Black Keys Respond to Steve Miller Rant - 6stringmerc
http://www.rollingstone.com/music/features/black-keys-we-regret-inducting-steve-miller-after-rock-hall-insults-20160413
======
6stringmerc
Auerbach:

> _It 's almost like he doesn't have respect for the younger generations and
> how hard it is in the business today. When he made his first record, he did
> it at Olympic Studios with Glyn Johns. Pat and I made our first record in a
> basement with broken gear._

Ouch. Needless to say, I probably agree with him on this one. He does touch on
the concept of gratitude, which I think is really a good thing in music and
did seem outside of Steve Miller's original rant.

However, on this point:

> _But we were there, unpaid, on our own free will, to come celebrate his
> achievements and spread the joy of rock & roll. To inspire kids to pick up
> guitars. To play music. And it felt like we were doing the opposite._

Maybe, but a reality check is completely appropriate in this environment of
instant gratification. A lot of the music industry seems to prey on people
being naive.
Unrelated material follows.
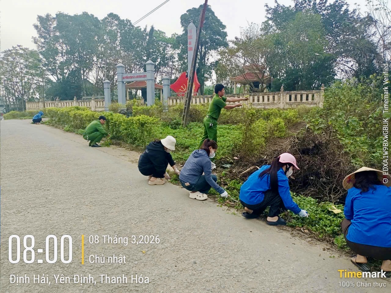 Công an xã Định Tân phối hợp với đoàn thanh niên xã tham gia công tác dọn vệ sinh môi trường chuẩn bị cho ngày bầu cử đại biểu Quốc hội và đại biểu Hội đồng nhân dân các cấp nhiệm kỳ 2026-2031
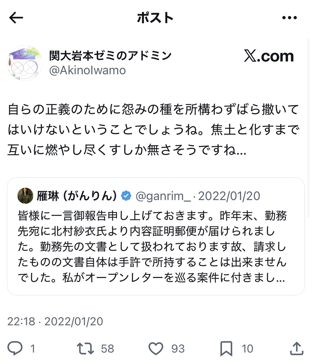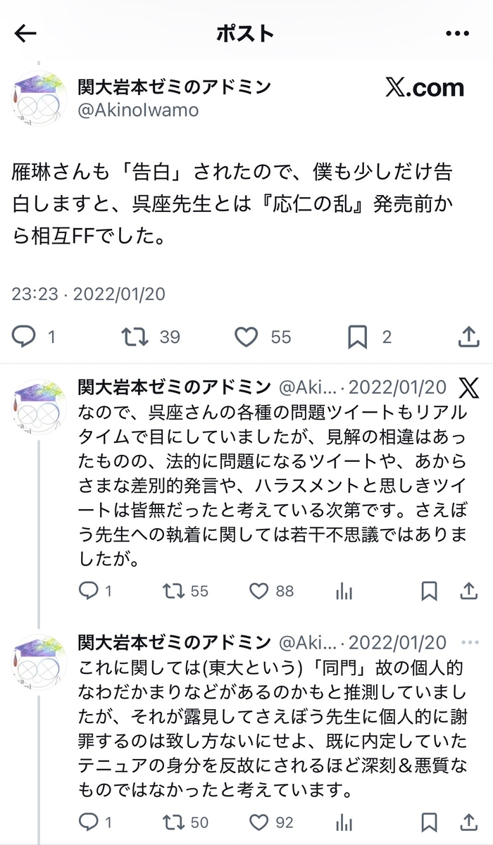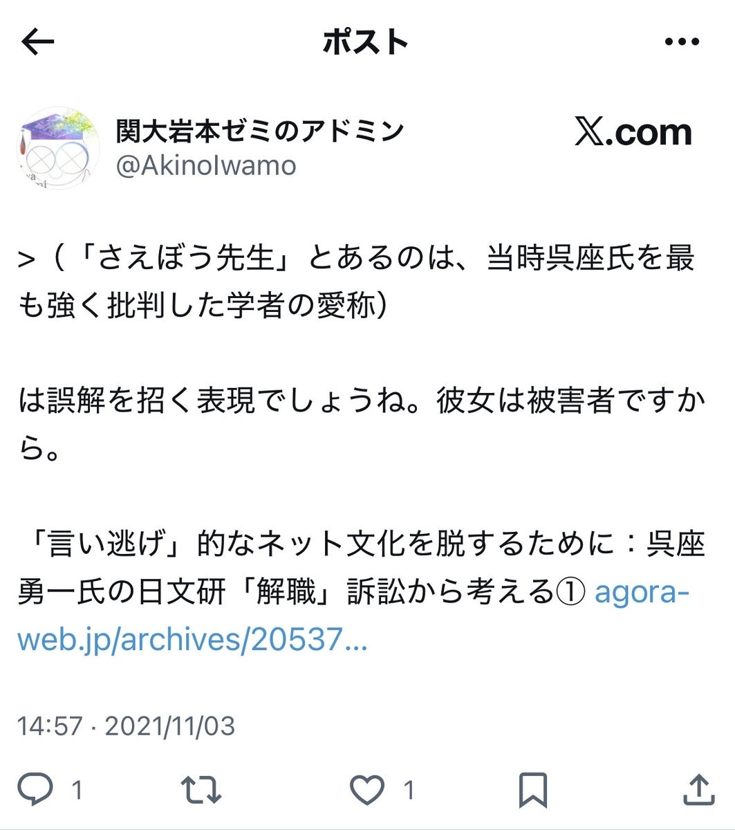 いずれにせよ、呉座氏が「主張」を取り下げて「敗北的和解」(実質敗訴)に踏み切ったのは……オープンレターと日文研から喰らった処分との間で、何らかの因果関係が成立するという旨のご自身の「主張」こそ、無理筋であった可能性を、事実上認めざるを得なかった結果でもあると考えますが。

Miller's rant definitely did away with some of the artificial
gloss in my opinion.

------
hourislate
The only smart guys were Ozzy, Axel Rose, and the Sex Pistols.

They basically told the RR Hall of Fame to fuck off.

The Rock and Roll Hall of Fame is for bands like the Black Keys or Justin
Bieber..Steve Miller should have had enough sense to tell them to eat shit...